From the line that has "Obraz premium Sunflowers" down to the final line of the listing below, transcribe every line exactly, and only those.

____________

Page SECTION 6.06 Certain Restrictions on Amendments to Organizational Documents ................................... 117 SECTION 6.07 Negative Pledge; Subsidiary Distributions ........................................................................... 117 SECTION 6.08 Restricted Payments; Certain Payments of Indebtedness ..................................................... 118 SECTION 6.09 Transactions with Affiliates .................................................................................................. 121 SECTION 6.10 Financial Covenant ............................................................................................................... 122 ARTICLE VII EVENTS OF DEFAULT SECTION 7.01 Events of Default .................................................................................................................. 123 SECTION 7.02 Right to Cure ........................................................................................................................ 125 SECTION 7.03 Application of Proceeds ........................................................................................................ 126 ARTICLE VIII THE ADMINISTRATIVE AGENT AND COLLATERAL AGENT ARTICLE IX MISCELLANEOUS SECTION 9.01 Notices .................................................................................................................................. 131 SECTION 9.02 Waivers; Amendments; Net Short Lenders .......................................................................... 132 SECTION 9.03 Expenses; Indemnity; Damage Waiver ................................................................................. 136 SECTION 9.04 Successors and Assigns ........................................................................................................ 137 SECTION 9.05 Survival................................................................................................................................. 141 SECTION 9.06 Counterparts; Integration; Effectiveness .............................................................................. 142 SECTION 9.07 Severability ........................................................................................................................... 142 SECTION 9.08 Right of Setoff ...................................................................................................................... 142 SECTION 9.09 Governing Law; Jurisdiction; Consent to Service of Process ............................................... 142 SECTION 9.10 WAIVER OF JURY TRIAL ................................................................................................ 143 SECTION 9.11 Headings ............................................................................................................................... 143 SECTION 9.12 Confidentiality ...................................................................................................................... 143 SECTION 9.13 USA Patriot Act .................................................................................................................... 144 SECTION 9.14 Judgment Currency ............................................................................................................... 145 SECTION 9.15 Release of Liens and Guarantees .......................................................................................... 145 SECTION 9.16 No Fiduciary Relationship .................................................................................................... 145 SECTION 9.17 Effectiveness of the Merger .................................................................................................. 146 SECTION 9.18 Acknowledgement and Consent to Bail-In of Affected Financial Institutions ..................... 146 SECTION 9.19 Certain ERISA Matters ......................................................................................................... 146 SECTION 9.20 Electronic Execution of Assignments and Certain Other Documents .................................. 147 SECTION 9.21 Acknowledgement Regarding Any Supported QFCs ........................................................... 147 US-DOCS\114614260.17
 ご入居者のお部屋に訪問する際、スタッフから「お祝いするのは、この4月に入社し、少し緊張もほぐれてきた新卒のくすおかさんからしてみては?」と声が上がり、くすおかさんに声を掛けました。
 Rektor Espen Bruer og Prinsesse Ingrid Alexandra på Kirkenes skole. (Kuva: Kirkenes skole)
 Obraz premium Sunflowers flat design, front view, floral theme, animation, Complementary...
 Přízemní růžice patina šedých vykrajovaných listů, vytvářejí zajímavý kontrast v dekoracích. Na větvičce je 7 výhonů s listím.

____________

■ **Task response**:
 Obraz premium Sunflowers flat design, front view, floral theme, animation, Complementary...
 Přízemní růžice patina šedých vykrajovaných listů, vytvářejí zajímavý kontrast v dekoracích. Na větvičce je 7 výhonů s listím.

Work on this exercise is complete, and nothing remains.